Doug Ambrisko <amb...@am...> writes:
> Donald J Christensen writes:
> | Doug Ambrisko wrote:
> | >
> | > Eric W. Biederman writes:
> | > | least would put the complexity in mknbi. I hate to see etherboot
> | > | clutered up with OS specific code, when it has size constraints.
> | > |
> | > | If we could download that code etherboot get to stay smaller.
> | >
> | > Note that it is all hidden under #define for FreeBSD so if you don't have
> | > FreeBSD defined then there is no impact. The size if the same.
> | >
> | > Well we sort-of have that type of thing.

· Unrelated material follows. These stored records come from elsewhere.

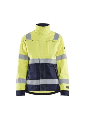 Multinorm jakke i damemodel, lavet af slidstærkt materiale og designet til at være synlig fra alle sider. Jakken er kortere foran for maksimal bevægelsesfrihed, og en forlænget ryg for ekstra beskyttelse. Jakken har brystlommer i begge sider og smarte detaljer som en inderlomme med indvendig telefonlomme og mørkt materiale på de områder der er udsat for snavs. Godkendt til industrivask. Beskytter mod stænk fra flydende kemikalier. Certificeret til EN 1149-5, EN 13034, EN ISO 11611, EN ISO 11612, IEC 61482-2, ATPV: 11,0 cal/cm², EN ISO 20471 klasse 2 XS-S, klasse 3 M -->
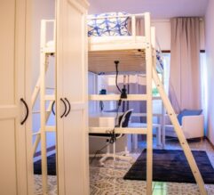 Camera singola classic con letto singolo in affitto a studenti o lavoratori, area relax con poltrona e tavolino, zona office con postazione studio, armadio con mensole e anta a specchio, libreria, tappeto. Comoda
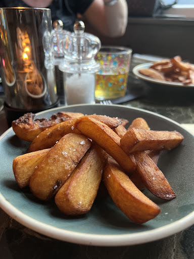 My honest review is, place looks lovely, staff are nice and friendly but food is not up there, it is average and for that reason overpriced. My friends rated their experience 6/10. Menu is a bit disappointing too, some of us wanted chicken skewers but while we were waiting for drinks, and food order we changed our mind. Portions looked uneven, burned. Hence we gone for steaks and pizza. £5 triple cooked chips were very disappointing to. Also two tables one by open kitchen and one by ladies toilets look no fun!
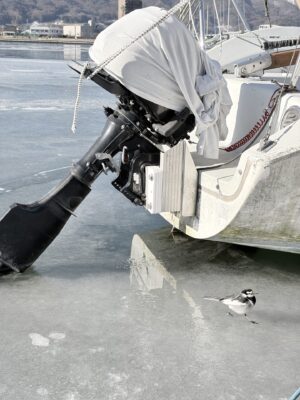 凍り付いたエンジンを撮ってたら目の前を鳥さんがテクテクかわいい
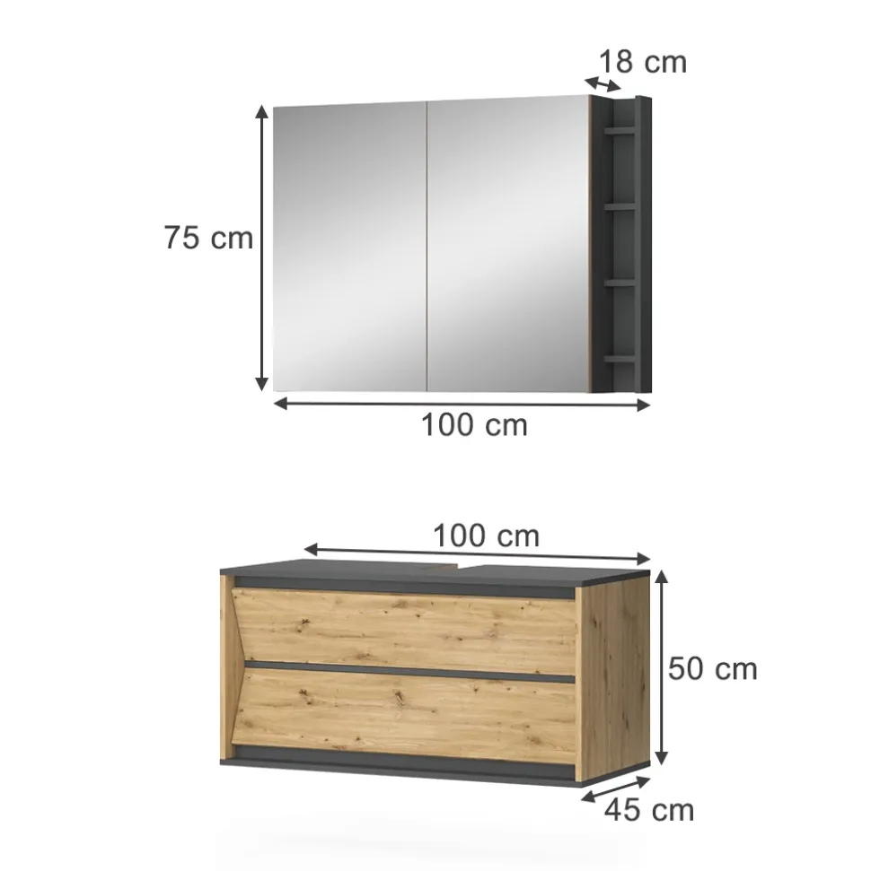 Waschbeckenunterschrank: 100 x 50 x 45 cm (BxHxT)
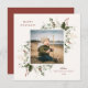 Quadro de Folhagem Botânica Festiva de Férias, cartão com fotos plano. Características, tipografia de cor vermelha rústica e suporte de cor sólida correspondente.
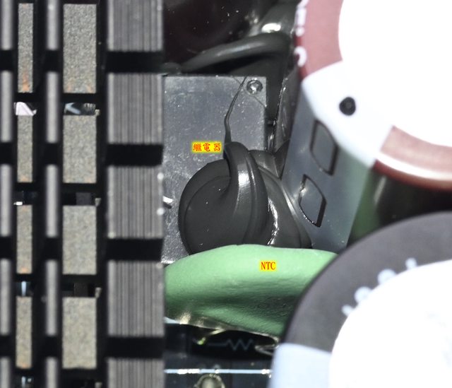 ○交流輸入插座與總開關有安裝金屬支架,後方安裝電路板。總開關不直接控制交流輸入

It's called the third stage loader
>
> | > and is PXE compliant. If EtherBoot or Nilo or whatever exposed a PXE
> | > compliant environment then this would be done. I don't see how mknbi
> | > is going to help since it at best passes static info to whatever it loads
> | > and they is no network API exposed to it to send and receive packets.
> |
> | There is a third stage bootloader program that is included in a
> | tagged image by mk{nbi,elf}-linux. That is where the option processing
> | currently happens, I believe. The size restrictions are more relaxed
> | on this than on Etherboot (with a little effort, you can easily get
> | 64KB to run it in.)
> |
> | I would suggest modifying first32.c or adding a new implementation that
> | does what you need.
>
> So you are saying that the third stage loader can access the network to
> send and receive packets? Before when I looked at it I don't recall
> it doing that.
The third stage has access to the DHCP results so it shouldn't need
to do any send/receive. Just parse out the DHCP options.